┌──

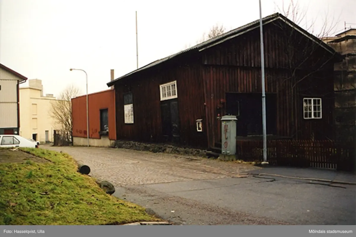 Rivningsdokumentation. Någon form av en ekonomibyggnad på Royens gata 2 (Forsåker 1:255), Mölndals Kvarnby år 2000. I bakgrunden till höger skymtar "Strumpan".
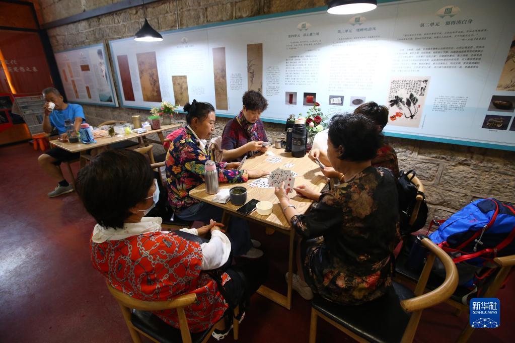 6月24日,市民在濟南市佛慧山人防工程納涼點(diǎn)休閑娛樂(lè )。
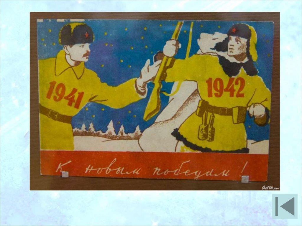 44. Какому событию, посвящена эта новогодняя открытка?
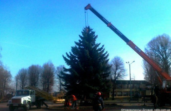 Зламана вітром 10-метрова ялинка стала окрасою міста на Волині
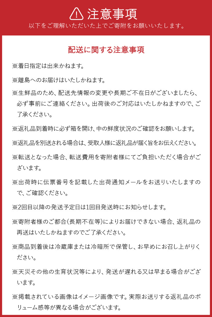※生鮮品のため、配送先情報の変更や長期ご不在日がございましたら、必ず事前にご連絡ください。
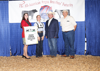 Emily Jeffries, Canmer, Ky., won premier exhibitor at the 2025 All-American Breeders' Futurity Junior Show, June 14 in Louisville, Ky. Pictured from left are Rosalind Kidwell, Miss American Angus; Emily Jeffries, recipient; Mark Davis, judge; and Paul Hill. Photo by Next Level Images.
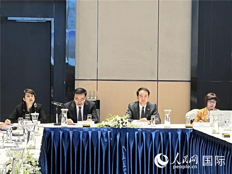 中国驻越南大使何炜(右二)和新疆维吾尔自治区党委副书记、乌鲁木齐市委书记张柱(左二)出席活动并致辞。人民网记者 杨晔摄
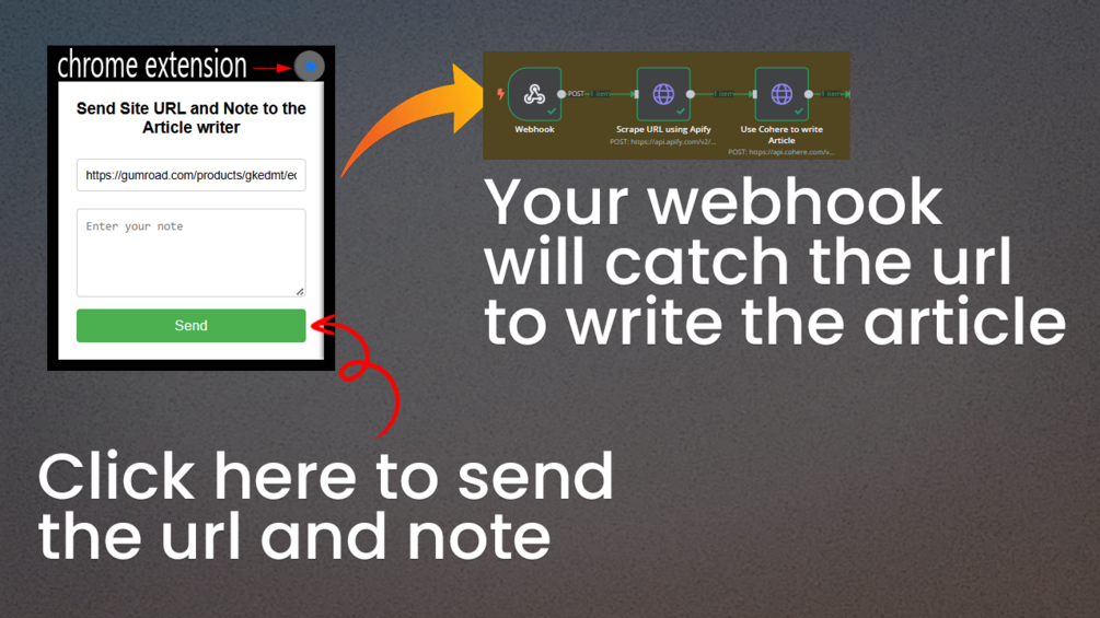 - A Chrome extension is used to send a URL and an additional note as input to the workflow. This data is captured by a webhook in n8n.
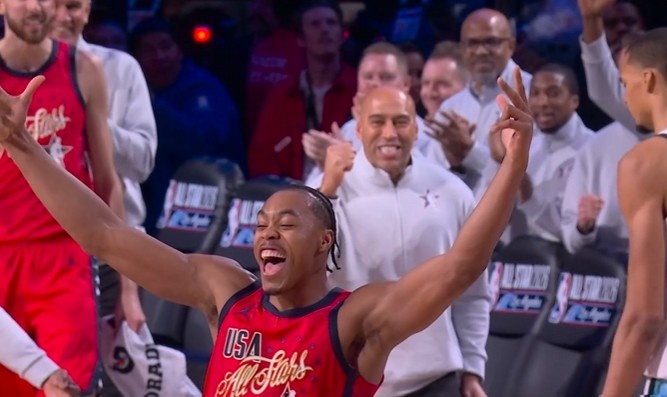 世界队:文班亚马14分6板3帽、唐斯10分1板、阿夫迪亚5分2助、西亚卡姆4分1板1助、东契奇2分2助、申京4板2助、穆雷2板4助、约基奇2板、鲍威尔1助
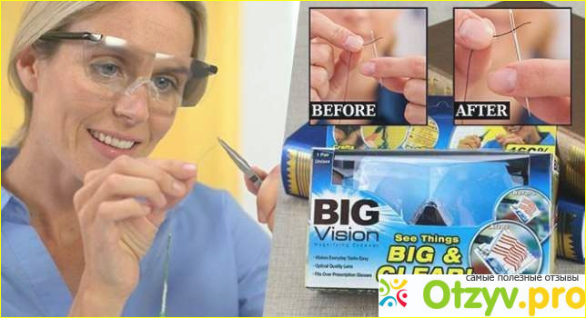 Знаю, что чаще в таких случая используются лупа, та, которая на ручке. Но ее необходимо удерживать в руках, а очки Big Vision 160% похожи на обыкновенные очки, одеваются на два уха и руки у вас свободны!
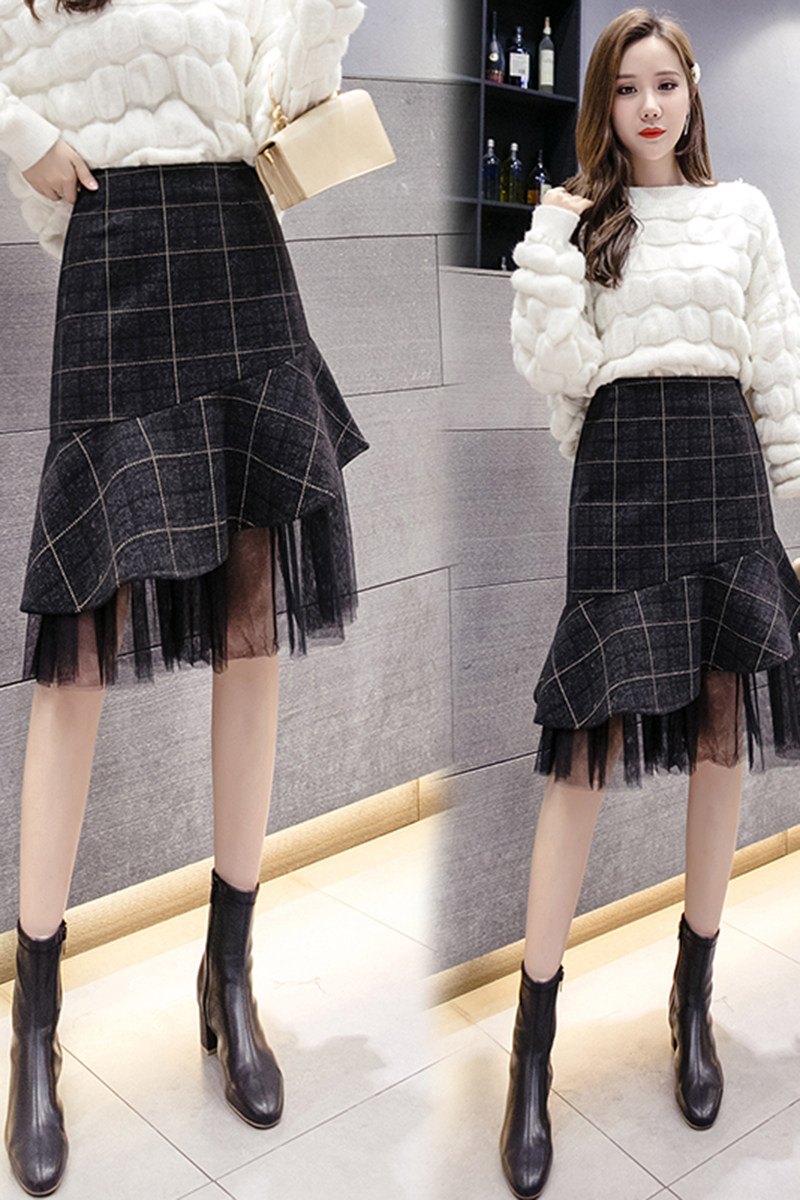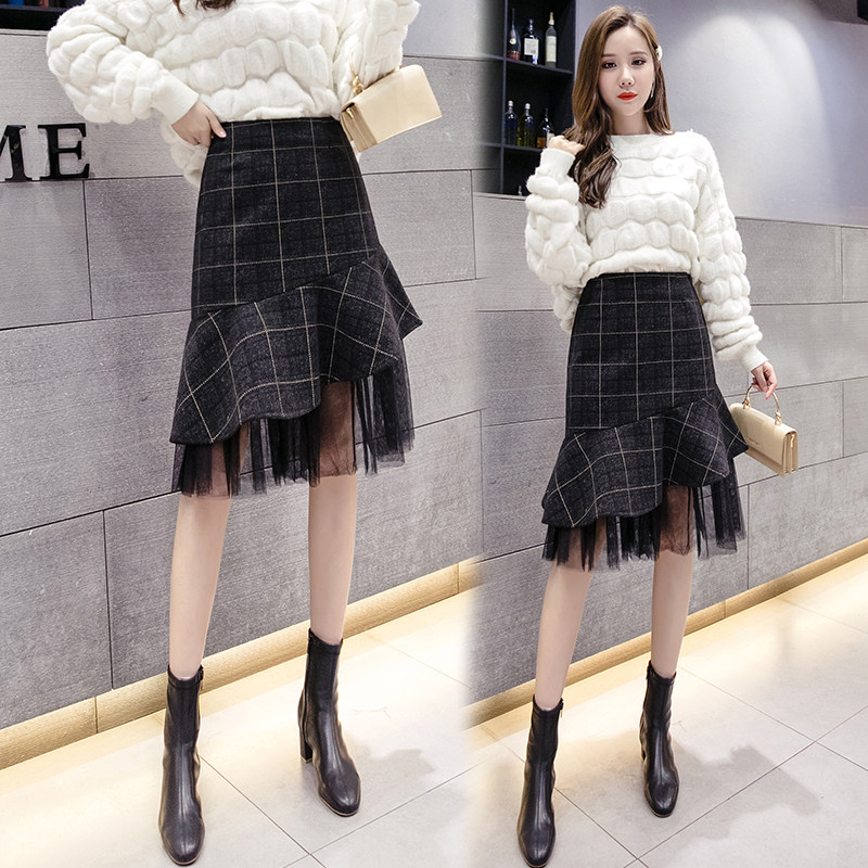 Шерстяная клетчатая осенняя модная юбка, коллекция 2021, высокая талия, яркий броский стиль, рыбий хвост

└──

TASK: Take the material above from its first line through the line that has "世界队:文班亚马14分6板3" and copy it exactly, without any pictures.

WRITTEN RESPONSE:
 Rivningsdokumentation. Någon form av en ekonomibyggnad på Royens gata 2 (Forsåker 1:255), Mölndals Kvarnby år 2000. I bakgrunden till höger skymtar "Strumpan".
 6月24日,市民在濟南市佛慧山人防工程納涼點(diǎn)休閑娛樂(lè )。
 44. Какому событию, посвящена эта новогодняя открытка?
 Зламана вітром 10-метрова ялинка стала окрасою міста на Волині
※生鮮品のため、配送先情報の変更や長期ご不在日がございましたら、必ず事前にご連絡ください。
 Emily Jeffries, Canmer, Ky., won premier exhibitor at the 2025 All-American Breeders' Futurity Junior Show, June 14 in Louisville, Ky. Pictured from left are Rosalind Kidwell, Miss American Angus; Emily Jeffries, recipient; Mark Davis, judge; and Paul Hill. Photo by Next Level Images.
 中国驻越南大使何炜(右二)和新疆维吾尔自治区党委副书记、乌鲁木齐市委书记张柱(左二)出席活动并致辞。人民网记者 杨晔摄
 - A Chrome extension is used to send a URL and an additional note as input to the workflow. This data is captured by a webhook in n8n.
 世界队:文班亚马14分6板3帽、唐斯10分1板、阿夫迪亚5分2助、西亚卡姆4分1板1助、东契奇2分2助、申京4板2助、穆雷2板4助、约基奇2板、鲍威尔1助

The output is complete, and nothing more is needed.